Il Movimento Cinque Stelle è nel caos, spezzato in due, con Gisueppe Conte e Luigi Di Maio impegnati in una lotta di potere. Non sui princìpi, ma su questioni insignificanti. Premono per arrivare al terzo mandato, o magari al quarto o al quinto. Ci vorrebbe un’idea per uscire da politiche fumose. La gente non si appassiona più perché il Movimento è diventato vecchio. Quanto sono cambiati velocemente i tempi.

Marzo 2018: i marziani del Movimento conquistano Roma, con il 33 per cento alle elezioni politiche.

Le cinque stelle del Movimento erano rappresentate da: acqua pubblica, ambiente, mobilità sostenibile, sviluppo e connettività. E prima di tutto l’indimenticabile slogan “onestà, onestà, onestà”.

Ai posti di comando le cose sono state un po’ diverse. L’acqua pubblica non è mai diventata una priorità. Le politiche ambientali sono state timide; la modifica dell’articolo 9 della Costituzione, seppur importante, rischia di rimanere confinata nella forma. La mobilità è rimasta un labirinto. Non si ricorda una legge che aiutasse lo sviluppo. Delle politiche digitali non si è saputo più nulla. Delle buche di Roma, invece, si ha profonda memoria.

Rimane l’onestà. Marcello De Vito, presidente dell’assemblea capitolina, finisce nello scandalo dello stadio della Roma e viene cacciato. Un po’ pochino, rispetto alle roboanti promesse di cambiamento.

Al governo, ai pentastellati è mancata la guida, soprattutto quella di Gianroberto Casaleggio, morto nel 2016, mentre la popolarità di Beppe Grillo è scemata passo dopo passo.

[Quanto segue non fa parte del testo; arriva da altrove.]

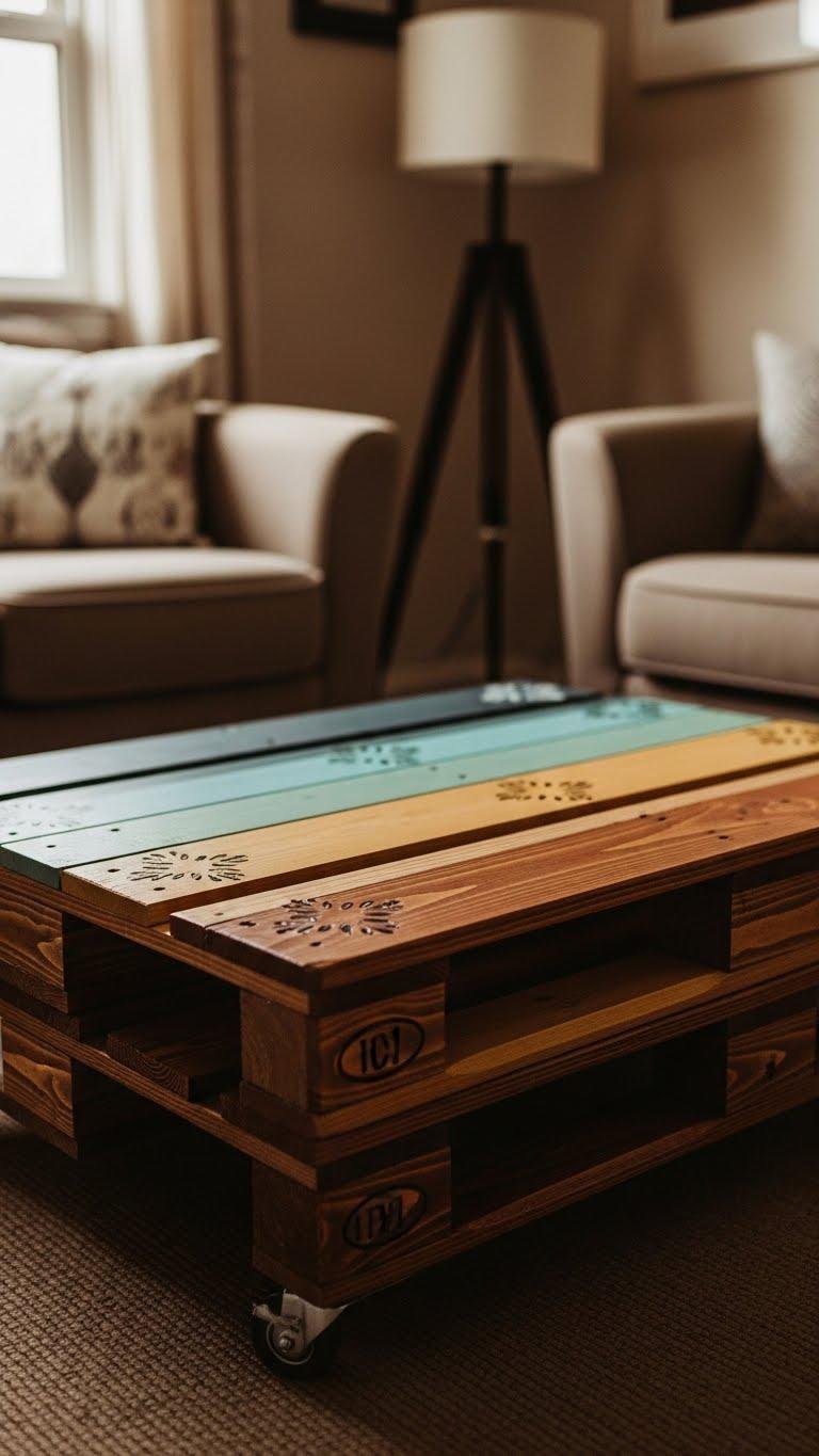 If your walls already sing with fabrics, bring that handmade warmth down to eye level with a painted pallet coffee table that echoes those colors and textures. You’ll sand, seal with a rustic stain for depth, then paint bold blocks or a subtle hue. Finish with a stenciled top for personality, add casters for freedom, and enjoy a functional, crafted centerpiece.

Appena un anno dopo le elezioni politiche, la metà degli elettori non c’è più. E Matteo Salvini  decide di sfruttare il magic moment ed esce dal governo. Il Movimento si dimezza al 17 per cento. Grazie al Pd e a Matteo Renzi resta al comando, ma la pandemia mette in ginocchio anche il secondo governo Conte.

I Cinque stelle hanno inanellato una serie di mosse sbagliate. Hanno perso il senso dell’orientamento persino sui loro cavalli di battaglia, a partire dal taglio dei parlamentari. Sull’onda del populismo, invece di una sforbiciatina, hanno insistito sul taglio draconiano, passando da 950 a 600 deputati e senatori. 

Giuseppe Conte ha governato in anni difficili, questo è innegabile. Adorato per la sua pacatezza in mezzo a tanto fracasso, non è stato però in grado di sostenere la situazione. Tanto che Sergio Mattarella ha suonato la campanella e ha chiamato Mario Draghi.

Dopo aver costruito la sua fortuna inneggiando alla diversità, oggi il Movimento si ritrova nella più triste delle normalità. E’ a tutti gli effetti un partito come gli altri, con le correnti, i tatticismi, gli sgambetti.

È la storia del marziano di Ennio Flaiano. Prima stupisce creando grande curiosità, ma presto si aggira ignorato e malinconico per le vie della città. Se non si inventano qualcosa, il futuro non sarà tanto roseo.